So I have been diagnosed with cyclothymia
, but I don't think it's the case. I am 21 going on 22, female. I have a family history of mental problems. So to lay it out briefly - I get depressive, manic/hypomanic and mixed episodes. Usually, I sense when an episode is approaching, but I do not know how long it would last. With depression it might last from 2 hours to 2 months. Manic/hypomanic - 1 hour to 2 weeks. Mixed is usually a day or a week.

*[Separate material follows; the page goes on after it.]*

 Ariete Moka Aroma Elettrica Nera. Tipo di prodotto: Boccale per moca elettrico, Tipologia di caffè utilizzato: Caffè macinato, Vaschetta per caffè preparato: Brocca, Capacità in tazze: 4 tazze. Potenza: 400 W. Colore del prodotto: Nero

Depressive episodes include loss of interest in anything, loss of motivation (I just couldn't care less about my lectures and other duties), I don't feel like eating, sometimes I can't sleep either, just feel really deep in dispair and hopelessness. I can usually distinguish an episode from feeling just a bit low because when I feel blue I feel things like love and I care about other, when it's an episode - everything can burn and I would not care. When I'm manic/hypomanic - I feel I'm the best at everything, that everyone loves me, I don't care how much money I spend, and I become quite sexually promiscuous. When it goes too far I become paranoid about others talking about me, or plotting against me. Sometimes I have delusions like feeling that gravity is way to strong for me. And with mixed I guess that would be the fits of rage. They usually come towards the nightfall. And I tend to be very hysterical, I would hurt myself, like cutting or throwing myself at things, but it has got worse because I started beating up my boyfriend who is much bigger than me, and he couldn't stop me.

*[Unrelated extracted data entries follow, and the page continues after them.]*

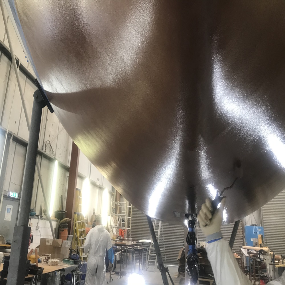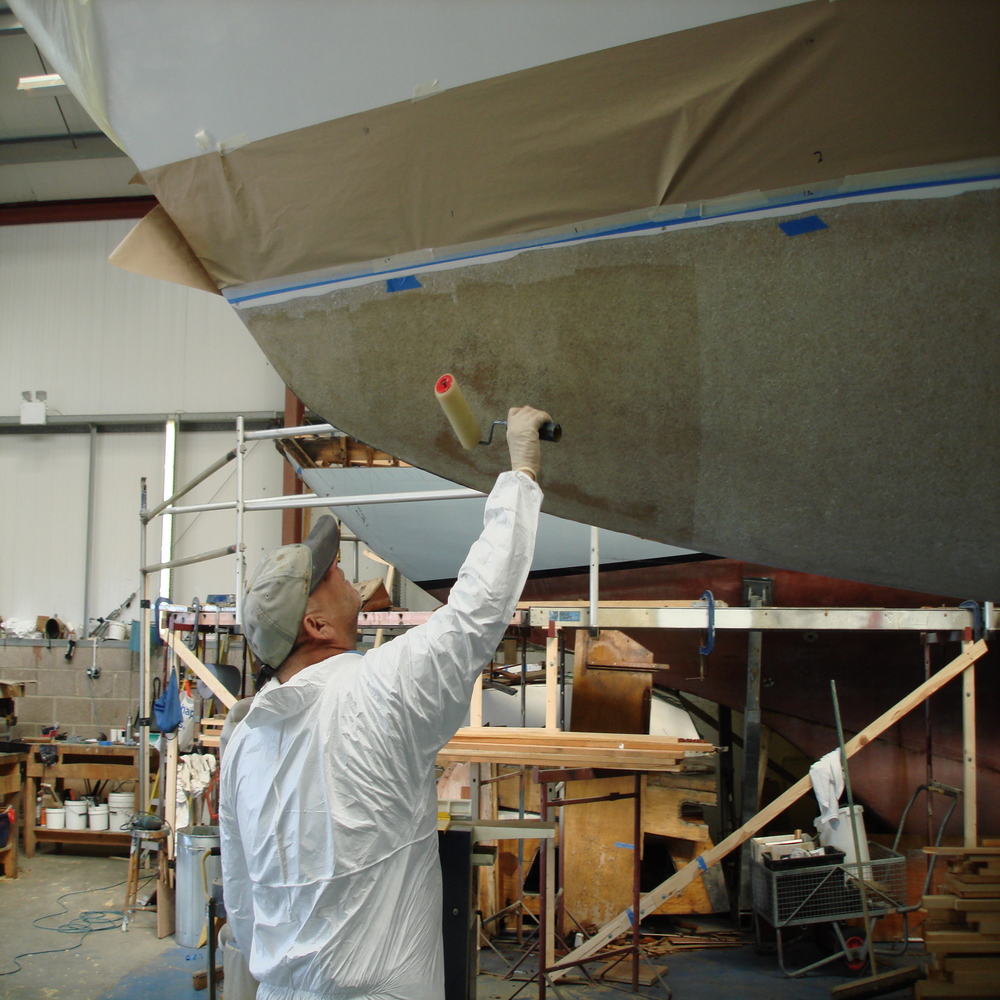 Due to the severity of the osmosis and the amount of materials removed during peeling etc we applied an additional layer of 292 tapered cloth, this was applied using Ampreg 30 resin and peel ply cloth before the Epoxy Megacote was applied.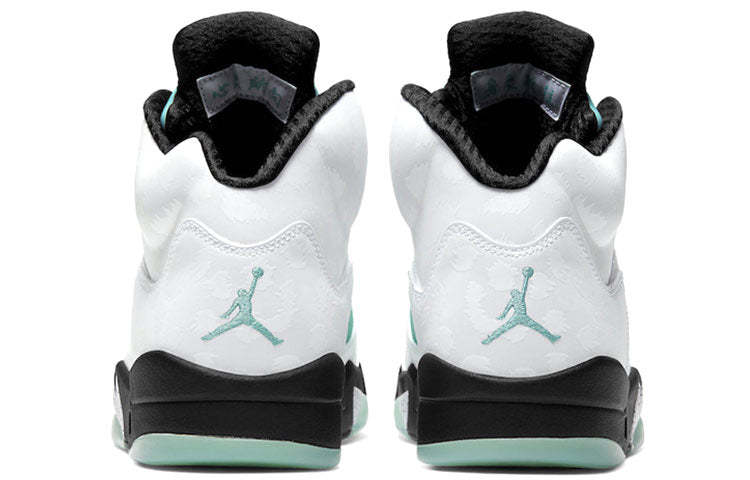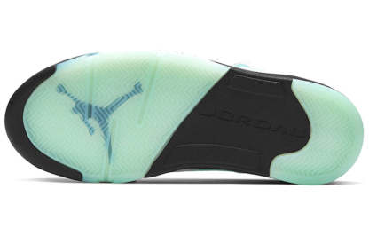 The Nike Air Jordan 5 Retro model gets a chilly "Island Green" makeover. The leopard print upper comes in white, while the mesh, tongue and eyestay are in Island Green. Black laces and detailing tie the upper together, underneath is a black midsole with shark teeth detailing and a semi-translucent coat in Island Green.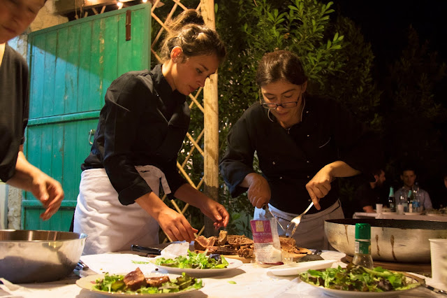 Abbiamo iniziato la serata con un aperitivo nel roseto, tra i grandi alberi e le profumate rose il buffet ha allietato l’arrivo degli ospiti. Pane tostato da accompagnare al famoso paté di olive di Giorgia e alla caponata siciliana che abbiamo preparato con le verdure del mio orto. Orzo perlato con pesto di basilico, noci e semi di lino, una bontà infinita. Una coloratissima insalata greca. In ultimo crema di zucchini (sempre del mio orto) con una quenelle di ricotta e noce moscata.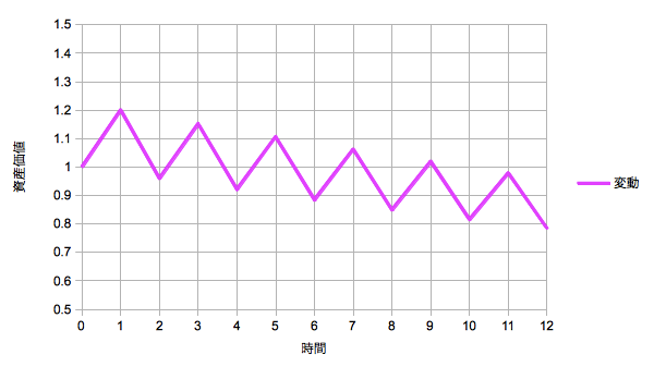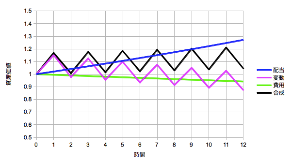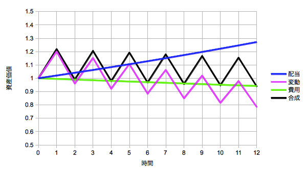 つまり、配当によって指数関数的に資産が上昇しても、市場変動によって相殺され、さらにコストが追い討ちをかけてしまうことを表現しています(ギザギザの下限と費用成分が重なっているのは配当と変動を略同等にしているからで、パラメータ次第で必ずしも一致するものではありません)。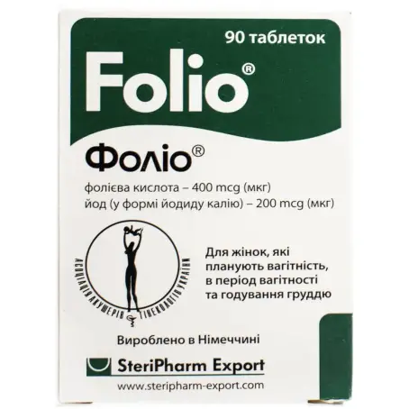 Фоліо - оригінальна комбінація фолієвої кислоти і йоду, німецької компанії «Стеріфарм», спеціально розроблена для жінок, які планують вагітність, вагітних і годуючих груддю, згідно рекомендацій Всесвітньої організації охорони здоров’я.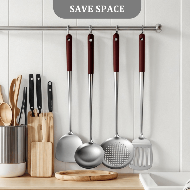 易于清洁和储存 - 这种炊具只需用肥皂和水即可轻松清洗,并且可用洗碗机清洗。手柄上有一个挂孔,方便将其挂在餐具挂钩上或抽屉中。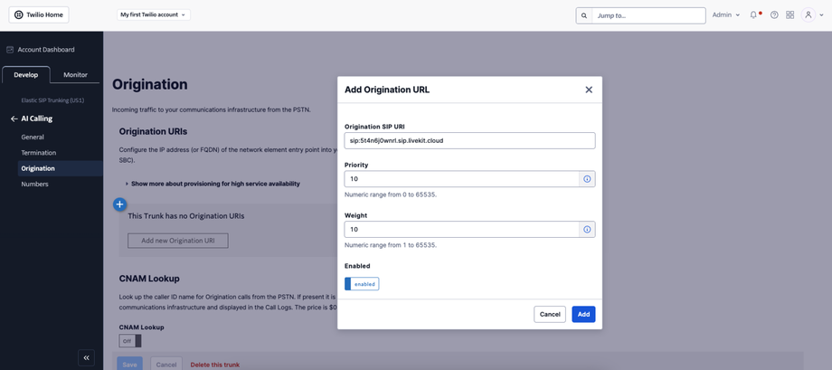 Origination URI (For you to copy): sip:5t4n6j0wnrl.sip.livekit.cloud

I become suicidal and sometimes I get into this sort of trance and I cut myself more, being totally oblivious to everything, not feeling pain at all.
I must say, I cannot really say what I am as a person, but apparently it is quite normal for me to be impulsive, but rational at the same time. And I have noticed that over the past 5 years this got worse. What I want to know is what it might or is it just a cyclothymia thing, should I go see another doctor and what should I expect.